The whole listing, please: repeat it exactly, with the pictures left out.

:: Data section ::
[Start of section]

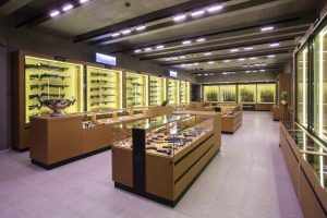Для оружейного магазина площадью от 200 м² мы разработали стеклянные витрины, которые сочетают элегантный дизайн с полным соответствием требованиям безопасности. Вертикальные модели с подсветкой размещаются вдоль стен и предназначены для длинноствольного и габаритного холодного оружия. Горизонтальные витрины устанавливаются в центре зала, обеспечивая круговой обзор пистолетов, боеприпасов, оптики и ножей. Дополнительные открытые шкафы с регулируемыми полками вмещают аксессуары, арбалеты, луки и комплектующие. Все решения продуманы для удобства покупателей и эффективной презентации товара.
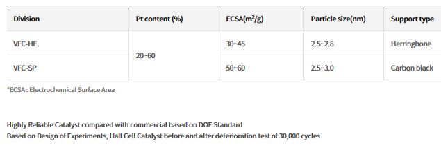 VINATech’s fuel cell catalysts are made of platinum, forming 2.5 to 3.0nm particles that are characterized by broad reaction areas and excellent corrosion resistance, which is suitable for applications that improve fuel cell’s performance and life cycle. VINATech’s fuel cell catalyst products proved to be highly resistant to corrosion in a holding test satisfying carbon corrosion conditions. VINATech’s fuel cell catalyst also demonstrated a low decrement of reaction area.
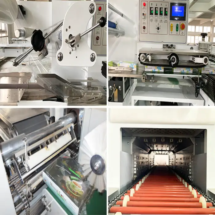Key features include three servo motors for precise control, high-speed flow sealing, and automatic operation to save time and labor.

[End of section]

:: Answer to this problem ::
Для оружейного магазина площадью от 200 м² мы разработали стеклянные витрины, которые сочетают элегантный дизайн с полным соответствием требованиям безопасности. Вертикальные модели с подсветкой размещаются вдоль стен и предназначены для длинноствольного и габаритного холодного оружия. Горизонтальные витрины устанавливаются в центре зала, обеспечивая круговой обзор пистолетов, боеприпасов, оптики и ножей. Дополнительные открытые шкафы с регулируемыми полками вмещают аксессуары, арбалеты, луки и комплектующие. Все решения продуманы для удобства покупателей и эффективной презентации товара.
 VINATech’s fuel cell catalysts are made of platinum, forming 2.5 to 3.0nm particles that are characterized by broad reaction areas and excellent corrosion resistance, which is suitable for applications that improve fuel cell’s performance and life cycle. VINATech’s fuel cell catalyst products proved to be highly resistant to corrosion in a holding test satisfying carbon corrosion conditions. VINATech’s fuel cell catalyst also demonstrated a low decrement of reaction area.
Key features include three servo motors for precise control, high-speed flow sealing, and automatic operation to save time and labor.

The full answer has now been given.